The offender was sentenced following a plea of guilty to 1 count of attempting to import a marketable quantity of a border controlled drug. The original sentence imposed 3 years and 6 months imprisonment with an 18 month non-parole period. The offender was sentenced for additional state supply offences. Additional offences were taken into account under s 16BA. The offence related to 300g of pure cocaine. The offender appealed on the basis that the sentencing judge erred in his application of the totality principle and the sentence imposed was manifestly excessive.  

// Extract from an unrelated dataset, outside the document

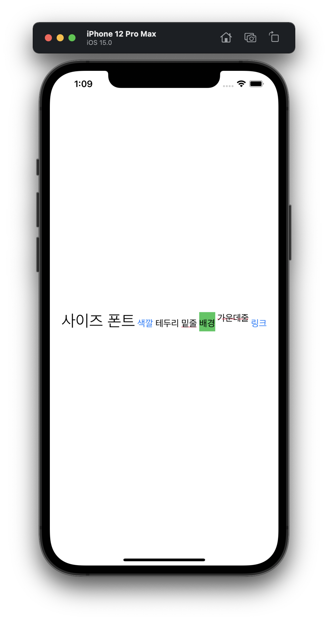 5. dashDotDot (-∙∙-∙∙)import SwiftUI struct ContentView: View { var body: some View { if #available(iOS 15, *) { Text(attributedString) .padding() } else { // Fallback on earlier versions } } } extension ContentView { @available(iOS 15, *) var attributedString: AttributedString { var text: AttributedString = "사이즈 폰트 색깔 테두리 밑줄 배경 가운데줄 링크" let fontRange = text.range(of: "사이즈 폰트")! let colorRange = text.range(of: "색깔")! let strokeRange = text.range(of: "테두리")! let underlineRange = text.range(of: "밑줄")! let backgroundRange = text.range(of: "배경")! let middlelineRange = text.range(of: "가운데줄")! let linkRange = text.range(of: "링크")! // Font text[fontRange].font = UIFont(name:"AppleSDGothicNeo-Light" , size: 30) // Font Color text[colorRange].foregroundColor = .blue // 글자 테두리 text[strokeRange].strokeColor = .red text[strokeRange].strokeWidth = 1 // 밑줄 text[underlineRange].underlineStyle = .init(pattern: .solid, color: .pink) text[backgroundRange].backgroundColor = .green // 가운데 줄 (baselineOffset의 숫자가 커질수록 글자가 위로 올라갑니다.) text[middlelineRange].baselineOffset = 10 text[middlelineRange].strikethroughStyle = .init(pattern: .dash, color: .pink) // 링크 text[linkRange].link = URL(string: "https://aiden-ios.tistory.com") return text } }

Totality: The State offence was wholly accumulated on the 2 year and 6 month Commonwealth attempt to import offence. The sentencing judge used the term ‘notional accumulation’. The phrase is misplaced. There was nothing notional about the accumulation in the sentences imposed. The sentences were wholly and actually accumulated. There were a number of features which militated in favour of a degree of concurrency including that the offences were closely linked in fact, were essentially part of a single episode of criminality and were part of the same small enterprise operated. Whilst the sentencing judge was not obliged to provide any formulaic detail, it was not discernible from the reasons as a whole and the sentence imposed that the totality principle was applied as part of the instinctive synthesis involved in the sentencing process.  

Leave to appeal granted. Appeal allowed. Sentences quashed and offender sentenced to 2 years and 9 months imprisonment, to be released on recognisance after 2 years.